Conflit frontalier larvé de deux puissances nucléaires

Par Dr Mohamed Chtatou

Le 15 juin 2020, des combats ont éclaté entre des soldats chinois et indiens à propos d’une frontière de l’Himalaya occidental, historiquement incertaine et contestée, appelée Galwan River Valley. Cette région frontalière est suffisamment haute pour être appelée le toit du monde. Dans les semaines qui ont précédé l’affrontement, on a signalé des échauffourées entre les deux armées sur la ligne de contrôle réelle (Line of Actual Control –LAC-), une frontière très mal délimitée entre les deux pays. Le terme LAC est mal choisi, car il n’y a pas d’accord sur l’emplacement de la ligne. Il n’y a pas non plus d’accord mutuel entre les deux pays pour délimiter clairement le territoire sous LAC.

Historique du malentendu

La confrontation a eu lieu après que la tension se soit accrue ces derniers mois à propos d’une nouvelle route que l’Inde aconstruite au Ladakh le long du LAC, ce qui a incité la Chine à déployer des troupes pour protéger sa frontière. La Chine a également accusé les troupes indiennes d’avoir traversé la frontière à deux reprises. La situation est devenue incontrôlable lors d’une réunion tendue des officiers des deux côtés et a dégénéré en affrontements meurtriers. Bien qu’aucune arme n’ait été utilisée, au cours de la bagarre, certains soldats sont tombés dans le Galwan, rivière au courant rapide, par une température inférieure à zéro. Au moins 20 soldats indiens ont été tués, mais il n’y a pas eu de victimes chinoises officiellement confirmées.

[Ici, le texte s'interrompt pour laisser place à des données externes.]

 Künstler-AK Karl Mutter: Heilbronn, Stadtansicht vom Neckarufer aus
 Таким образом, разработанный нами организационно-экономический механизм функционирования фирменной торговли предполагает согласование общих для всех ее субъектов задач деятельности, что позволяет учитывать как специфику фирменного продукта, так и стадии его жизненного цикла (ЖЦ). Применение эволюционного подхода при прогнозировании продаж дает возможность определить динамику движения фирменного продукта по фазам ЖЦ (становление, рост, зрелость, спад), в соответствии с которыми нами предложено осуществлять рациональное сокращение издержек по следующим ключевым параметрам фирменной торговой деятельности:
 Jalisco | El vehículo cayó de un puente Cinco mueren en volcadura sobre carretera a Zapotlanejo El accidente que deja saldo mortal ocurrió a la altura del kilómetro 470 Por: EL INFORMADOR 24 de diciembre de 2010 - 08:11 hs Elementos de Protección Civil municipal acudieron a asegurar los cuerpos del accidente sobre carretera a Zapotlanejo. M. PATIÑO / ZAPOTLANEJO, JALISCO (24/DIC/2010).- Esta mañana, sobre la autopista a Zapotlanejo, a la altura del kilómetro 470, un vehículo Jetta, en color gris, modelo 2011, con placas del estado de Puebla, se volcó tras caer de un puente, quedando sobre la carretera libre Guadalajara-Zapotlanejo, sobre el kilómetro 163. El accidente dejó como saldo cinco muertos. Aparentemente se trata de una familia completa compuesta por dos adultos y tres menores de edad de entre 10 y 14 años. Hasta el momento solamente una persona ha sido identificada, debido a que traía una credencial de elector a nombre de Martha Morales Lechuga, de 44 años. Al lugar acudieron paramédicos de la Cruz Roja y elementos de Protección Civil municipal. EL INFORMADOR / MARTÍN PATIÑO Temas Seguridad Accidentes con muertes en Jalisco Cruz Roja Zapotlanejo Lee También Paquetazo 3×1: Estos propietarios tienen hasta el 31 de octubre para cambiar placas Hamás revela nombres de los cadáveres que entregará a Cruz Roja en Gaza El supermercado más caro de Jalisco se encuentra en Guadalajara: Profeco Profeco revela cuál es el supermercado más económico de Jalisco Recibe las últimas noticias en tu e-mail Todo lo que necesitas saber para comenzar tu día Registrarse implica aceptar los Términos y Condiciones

Les analystes affirment que la Chine s’est abstenue de publier le nombre de ses victimes afin que les Indiens ne puissent pas faire de comparaison avec la montée en puissance du sentiment nationaliste ultra (hindou) qui a saisi l’Inde depuis l’arrivée au pouvoir du parti hindouiste suprémaciste BhartiyaJanata en 2014. Dans le même temps, les responsables indiens ont balayé du revers de la main le fait que des soldats aient été en captivité en Chine. Pendant ce temps, le porte-parole du ministère chinois des affaires étrangères n’a pas abordé directement les rapports des médias qui disaient que la Chine avait libéré des soldats indiens, dont un lieutenant-colonel et trois majors, qui avaient été détenus le 18 juin 2020. Au lieu de cela, le porte-parole a déclaré : « Selon mes informations, il n’y a actuellement aucun personnel indien détenu du côté chinois« .

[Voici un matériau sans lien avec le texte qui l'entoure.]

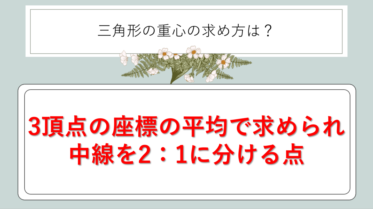が重心の座標になるという非常にシンプルな公式です。3頂点の座標を足して3で割るだけで求められるため、計算ミスが起こりにくい公式といえるでしょう。
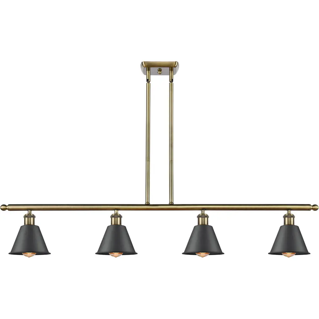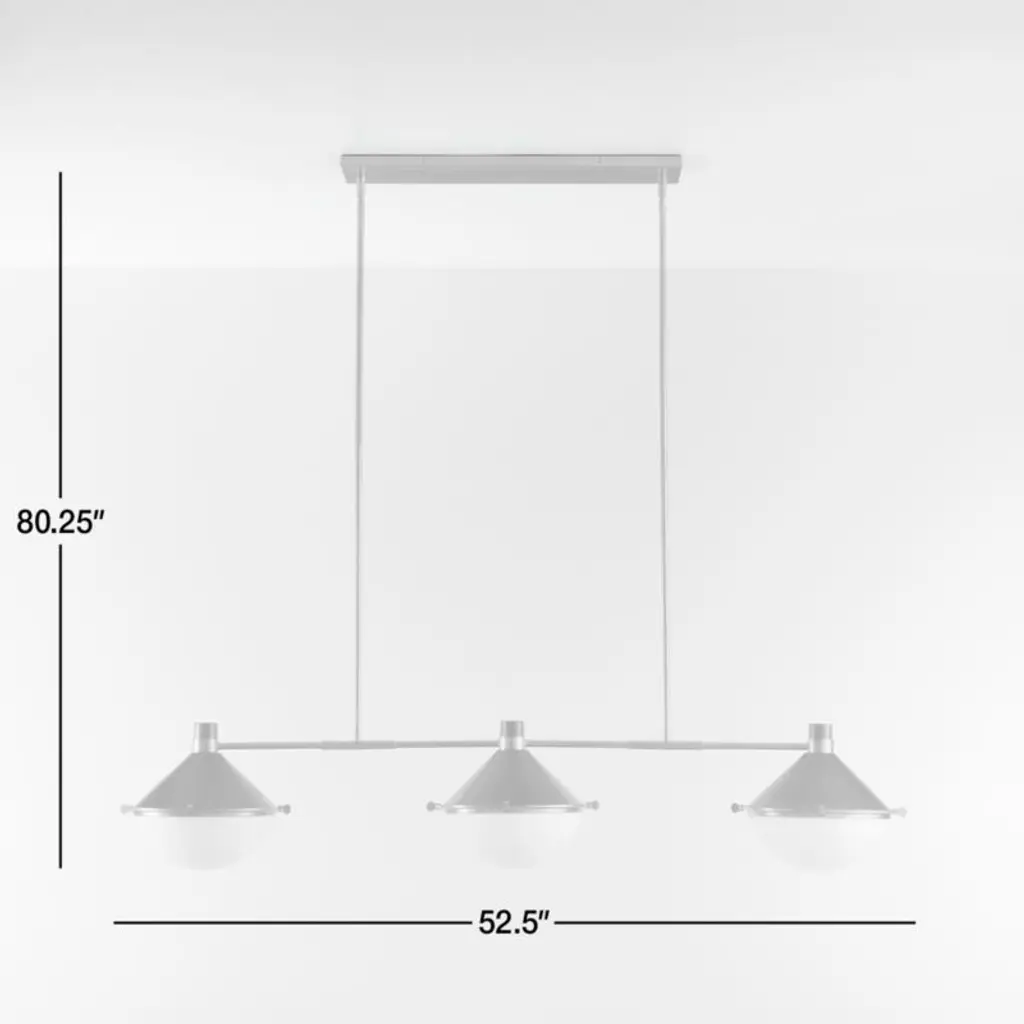 Our beautifully balanced Aster pendant suspends a trio of conical shades from an open, linear frame, all finished in dark pewter and burnished brass. The milk glass shades diffuse light while offering cool contrast to the warm metallic finishes. Hang the three-light pendant over a table or island to add an element of antique industrial beauty to the kitchen or dining room. For a unified look, install the coordinating single-light pendant.
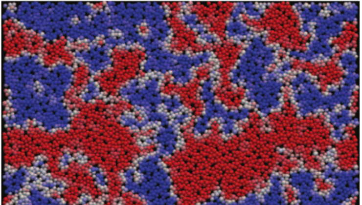 Visualisation de la transformation d'un verre (en bleu) en liquide (en rouge) après une remontée soudaine de la température. (Crédit : G. M. Hocky, L. Berthier, and D. R. Reichman Equilibrium ultrastable glasses produced by random pinning J. Chem. Phys. 141, 224503 2014)
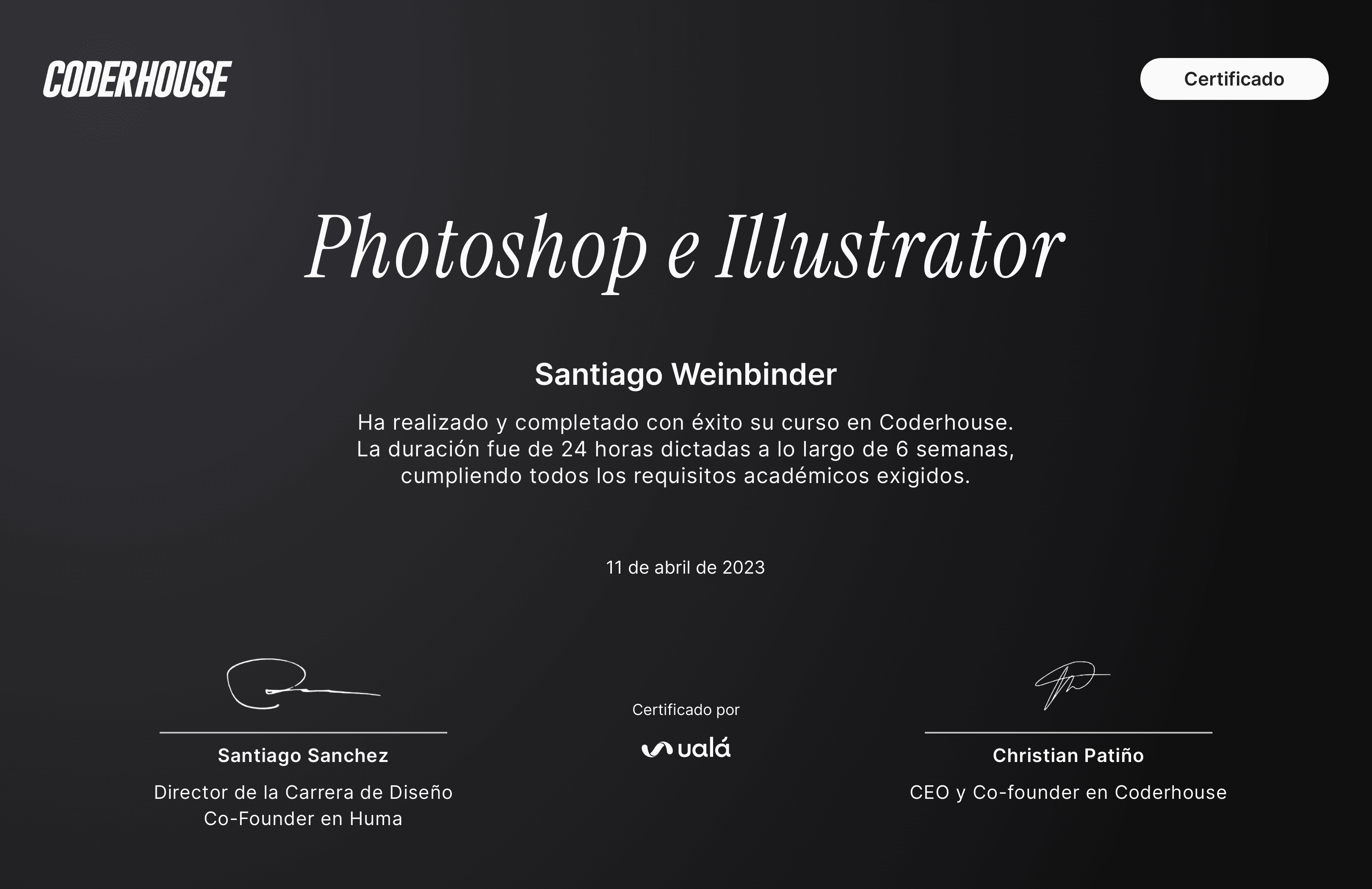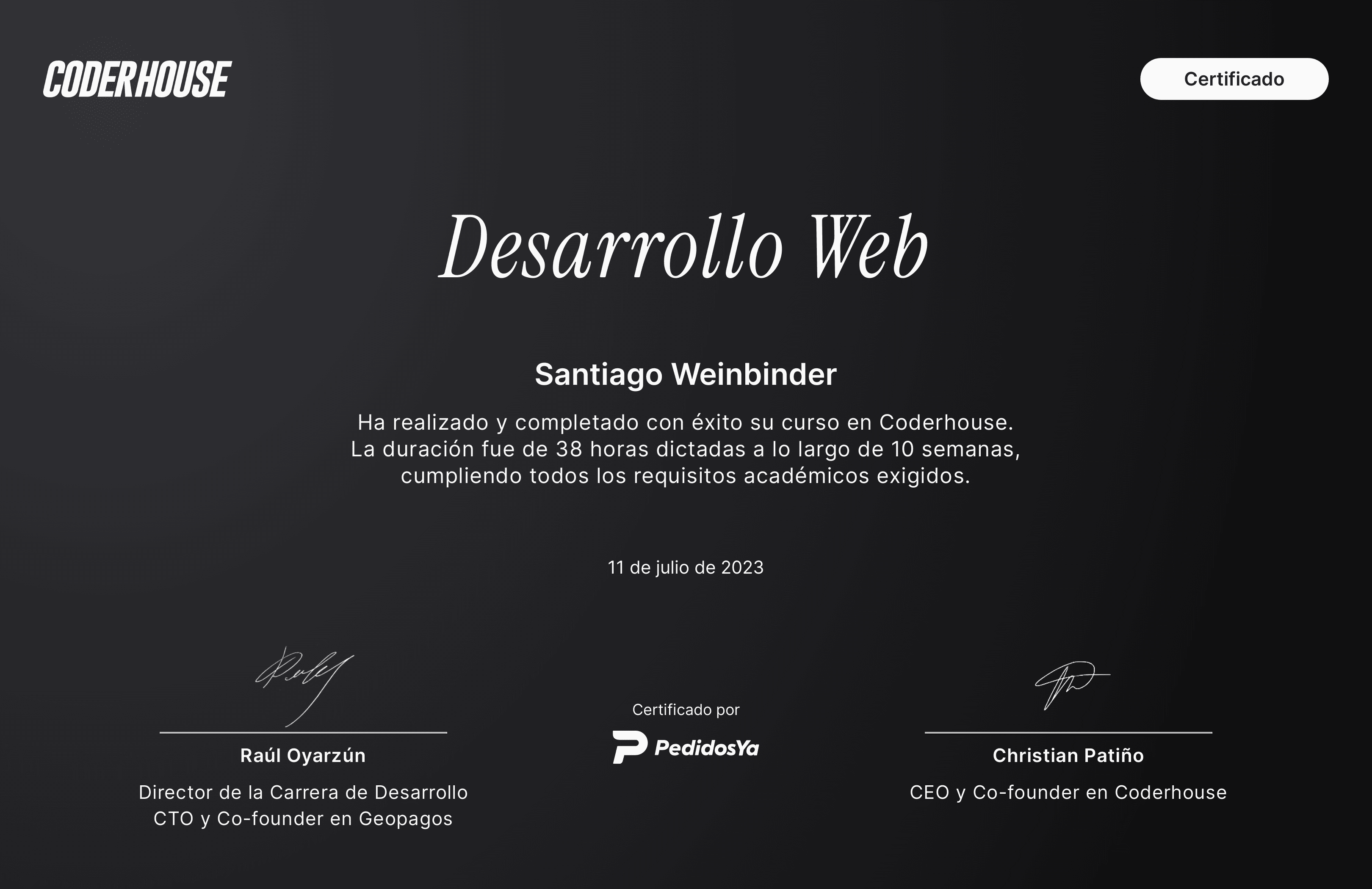 Asistencia 100%, desafíos 100%, nota final 10. Certificado

La Chine et l’Inde ont connu de nombreux affrontements frontaliers depuis le début des années 1960. La racine du conflit se trouve profondément dans la domination coloniale britannique en Inde et les manœuvres stratégiques du Grand Jeu “The Great Game au tournant du 20e siècle, lorsque les Britanniques ont voulu délimiter leur sphère d’influence de la Russie tsariste qui s’étendait en Asie centrale vers le Tibet. Cela allait créer un rival européen à côté. Cela a déclenché le Grand Jeu entre ces deux rivaux européens.

Les Britanniques ont considéré que cette frontière était l’une de leurs plus vulnérables et ont procédé à la reformulation de la frontière en sa faveur en faisant fi de toute réalité historique en traçant la ligne McMahon, du nom de Henry McMahon qui a proposé la frontière, englobant l’actuelle frontière orientale entre la Chine et l’Inde pour sauvegarder leurs intérêts coloniaux en Inde qui est elle-même une construction coloniale britannique comme The McMahon Line ( la ligne McMahon) elle-même. Mais la Chine n’a jamais reconnu cette ligne.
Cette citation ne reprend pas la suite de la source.